Communities everywhere are faced with a dichotomy – disregard the likelihood of public health issues and build the economy—or endure some more months or parts of a year with slow growth and low growth, in the interest of saving the lives of thousands from infection and possible death. The feelings and responses have touched on extremes.
Protests against lockdown or curfews are observed all over. There is much spoken about the need for more caution and increased responses for emergency care, wider vaccination programs and better testing to mitigate the pandemic. In order to address these challenges, a webinar titled ‘Smart lockdowns – the need of the hour in Sri Lanka?’ was organised by ICC Sri Lanka in association with the Daily FT, the Alumni of the MBA Program University of Colombo and the Rotary Club of Colombo recently.
Interestingly, some nations, even in Asia, such as Pakistan, have touted the value of ‘Smart lockdowns’. They have already experimented with that.
However, such a controlled lockdown calls for even more vigilance and the exercise of comprehensive coordinated responses, that involve tracing, data management, science, correlated action plans from medical, public health operatives, commercial, logistical, manufacturing businesses, medical suppliers, financial resources, law enforcement, food suppliers, communications, and garnering public support in specific locations where exigencies are likely to emerge.
The panel of eminent persons who were invited to the conversation were, Minister of Youth and Sports, Development Coordination and Monitoring, and State Minister of Digital Technology and Enterprise Development Namal Rajapaksa, Ceylon Chamber of Commerce Chairman Vish Govindasamy, Sri Lanka Medical Association Former President Dr. Ruvaiz Haniffa, IDH Senior Consultant Physician Dr. Ananda Wijewickreme, Dialog Axiata PLC CEO Supun Weerasinghe, Hotels Association of Sri Lanka President Sanath Ukwatte, Jetwing Hotels Chairperson Shiromal Cooray, Aitken Spence PLC Director Stasshani Jayawardene, Rotary Club of Colombo President Aroshi Nanayakkara, and JKH Retail Industries Group Head Charitha Subasinghe.

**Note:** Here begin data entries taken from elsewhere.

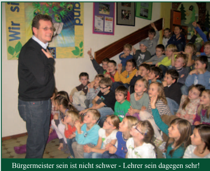
Bürgermeister sein ist nicht schwer - Lehrer sein dagegen sehr!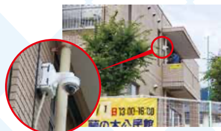
▲まったく明かりのないところでも録画できるカメラです

～『広島市 藤の木学区安全・安心協議会』はこの度「町内会防犯カメラ」を設置しました～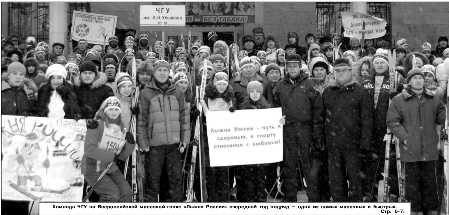
Команда ЧГУ на Всероссийской массовой гонке «Лыжня России» очередной год подряд – одна из самых массовых и быстрых.

The keynotes were sounded by renowned virologist and specialist in respiratory diseases working in Hong Kong Prof. Malik Peiris, CBSL Former Senior Deputy Governor W.A. Wijewardene, and NHSL Senior Cardiologist Dr. Gotabhaya Ranasinghe.

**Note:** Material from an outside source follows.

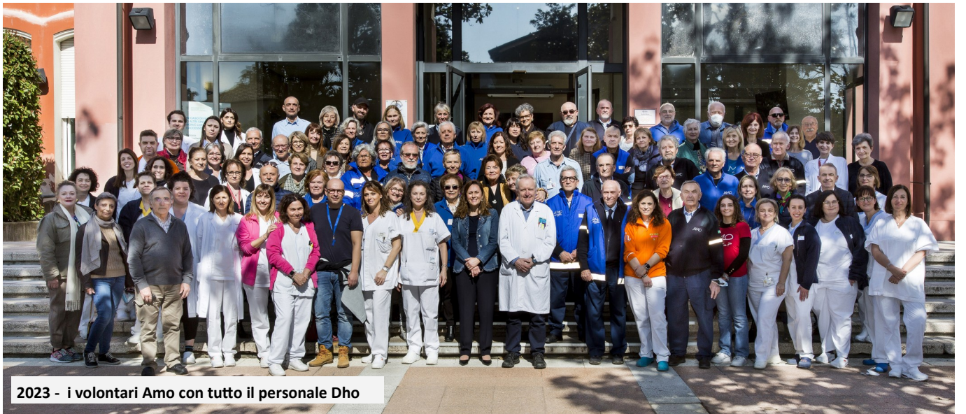
2023 - i volontari Amo con tutto il personale Dho

Vish Govindasamy introduced a phrase (which he had been acquainted with from another source), which he thought was preferable – the term being ‘Movement Control Order’ (MOC). He clarified that it was not about suffocating the community by restrictions that are ‘imposed’ but that an MOC should be ‘data driven’, and operational within a very closely monitored process and plan. This tallied well with the presentation by Prof. Malik Peiris, in which he explained that ‘early interventions’ are vital, and the purpose, clearly understood and implemented is with the specific end in view, of ‘limiting full scale’ infections in the community of Lanka.
When cautions are ignored
He was able to trace the peaks in the incidents with his diagrams/charts and showed the increased incidents as being sparked by what is called the Minuwangoda incident in 2020, and then the reduction of the cases in early 2021, when in April there was an early release of the cautionary measures around the ‘new year’, and then how there was a rapid rise countrywide of sickness and deaths, with an alarming increase in the daily death rates. This shows that there are good results that can be notable when there is caution, and how that is overturned quickly, when those cautions are ignored.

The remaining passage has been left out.